Wednesday, August 13, 2014

DeLong and the shortage of primary sourcing



 Professor J. Bradford DeLong persists in his strange habit of ascribing beliefs to Friedrich von Hayek, without any attempt to produce any of Hayek's actual writings mentioning Augusto Pinochet. So here's some actual evidence of what Hayek thought; 
[Editor, Times of London]
Sir,

Though I can scarcely expect you to find space in your columns for the instruction Mr William Wallace (July 24) evidently needs, I shall appreciate it if you can do so for a brief reply.

I have certainly never contended that generally authoritarian governments are more likely to secure individual liberty than democratic ones, but rather the contrary.  This does not mean, however, that in some historical circumstances personal liberty may not have been better protected under an authoritarian than democratic government.  This has occasionally been true since the beginning of democracy in ancient Athens, where the liberty of the subjects was undoubtedly safer under the ’30 tyrants’ than under the democracy which killed Socrates and sent dozens of its best men into exile by arbitrary decrees.

In Modern times there have of course been many instances of authoritarian governments under which personal liberty was safer than under democracies.  I have never heard anything to the contrary of the early years of Dr Salazar’s early government in Portugal and I doubt whether there is today in any democracy in Eastern Europe or on the continents of Africa, South America or Asia (with the exception of Israel, Singapore and Hongkong), personal liberty as well secured as it was then in Portugal.

More recently I have not been able to find a single person even in much maligned Chile who did not agree that personal freedom was much greater under Pinochet than it had been under Allende.  Nor have I heard any sensible person claim that in the principalities of Monaco or Lichtenstein, which I am told are not precisely democratic, personal liberty is smaller than anywhere else!

That a limited democracy is probably the best possible known form of government does not mean that we can have it everywhere, or even that it is itself a supreme value rather than the best means to secure peace, a defensor pacis or instrument of peaceful change of government.  Indeed our doctrinaire democrats clearly ought to take more seriously the question when democracy is possible.
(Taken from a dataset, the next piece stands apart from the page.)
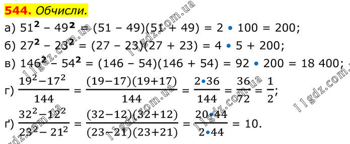 Обчисли. а) 512 – 49² = (51 – 49)(51 + 49) = 2 • 100 = 200; б) 272 – 232 = (27 – 23)(27 + 23) = 4 • 5 + 200; в) 1462 – 542 = (146 – 54)(146 + 54) = 92 • 200 = 18 400; г) (19^2-17^2 )/144 = ((19-17)(19+17))/144 = (2•36)/144 = 36/72 = 1/2; ґ) (32^2-12^2 )/(23^2- 21^2 ) = ((32-12)(32+12))/((23-21)(23+21)) = (20•44)/(2•44) = 10.
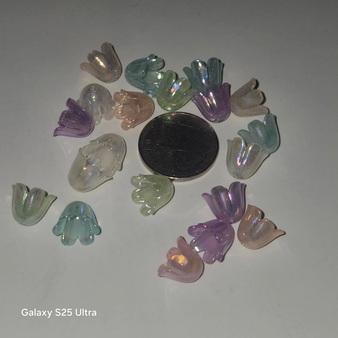 Selling a collection of iridescent flower beads! These beads have a lovely shimmer and come in a variety of pastel colours. Perfect for your next crafting project

Perhaps they can be induced to reflect on this by pointing to the truism that, except in the direct democracy based on an assembly of all citizens, a democracy can never create itself but must always be the product of the authoritarian decision of a few – and be this only the decisions about the questions to be asked and the procedure to be followed in a plebiscite.  After all, some democracies have been made possible only by the military power of some generals.  And my old doubts whether a democracy can be maintained in a country which has not by different institutions been taught the tradition of the rule of law has certainly been only confirmed by recent history.

Yours faithfully,

F.A Hayek
Urachstrasse 27
D7800 Freiburg (Breisgua),
West Germany
July 26 [1978].
That Hayek couldn't find any single person claiming that personal freedom was greater under Allende than Pinochet, doesn't mean there aren't socialist/communist Chileans  who would have told him so. However, serious scholarship pretty clearly proves that Chile was freer, and eventually more democratic, after the coup led by the Chilean military.
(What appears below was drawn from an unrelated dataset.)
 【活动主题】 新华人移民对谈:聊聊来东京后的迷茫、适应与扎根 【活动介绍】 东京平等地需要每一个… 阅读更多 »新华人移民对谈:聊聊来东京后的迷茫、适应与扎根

One member of the Hollywood Ten, Edward Dmytryk, told (in his book Odd Man Out) of a strategy session he attended with his colleagues over how to defend their (outrageous) conduct in 1948 before the HUAC. They had refused to answer questions on the dubious basis of a First Amendment right not to speak. One of their lawyers asked them if they would allow fascists a right to free speech. All immediately agreed they would, except for John Howard Lawson:
'It's not that simple'....

'The answer,' he said with finality, 'is that you do not believe in freedom of speech for fascists.' I was a little slow.

'Why not?' I asked. Lawson regarded me as he would an innocent neophyte.
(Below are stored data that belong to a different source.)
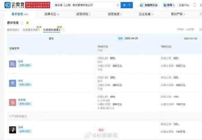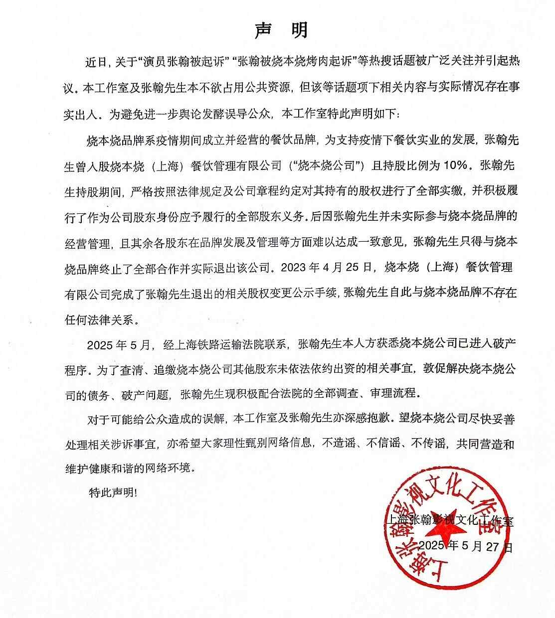 企查查APP显示,5月26日,法院送达烧本烧(上海)餐饮管理有限公司与张翰等追收未缴出资纠纷一案开庭传票等,将于7月28日在上海铁路运输法院开庭审理。信息显示,该公司成立于2021年1月,注册资本1000万元,张翰曾持股10%,并于2023年4月退出。
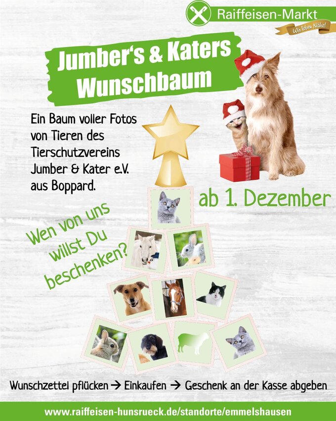 Für den Tierschutzverein Jumber & Kater, sammeln wir Geschenke. Nutzen Sie Ihren vorweihnachtlichen Besuch bei uns, um den Tieren dort eine Freude zu machen.
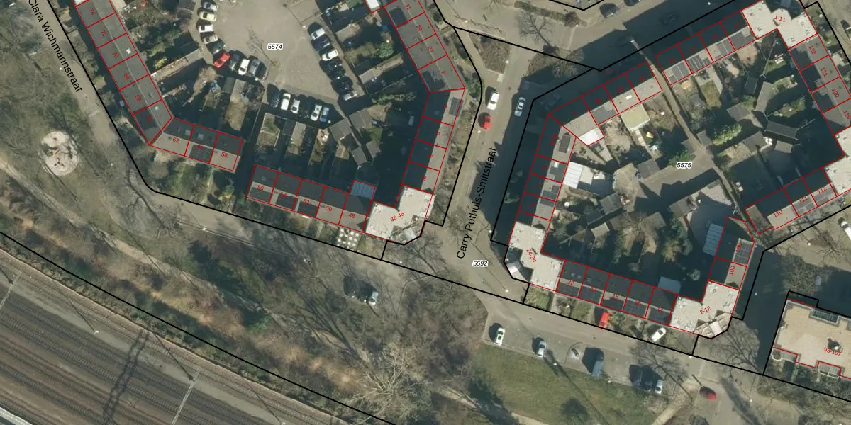 Het perceel waarop Clara Wichmannstraat 36 staat heeft een oppervlakte van 6989 m². Dit is een zeer groot perceel. De perceeloppervlakte wordt geregistreerd door het Kadaster. Gedetailleerde informatie over de maten van dit perceel kunt u vinden in het rapport Kadastrale kaart met maatvoering van Clara Wichmannstraat 36.

'You believe in freedom of speech for communists,' he said, patiently, 'because what they say is true. You do not believe in freedom of speech for fascists because what they say is a lie.'
QED. Who could argue the logic of that? It was so simple, so plausible, so jesuitical, and so contradictory. All of us had invoked the First Amendment as the basis for our refusal to cooperate with HUAC, and now we were expected to deny its protection to those who might disagree with us. But of course!
We're willing to bet that at least some of the denizens of DeLong's blog would agree with John Howard Lawson.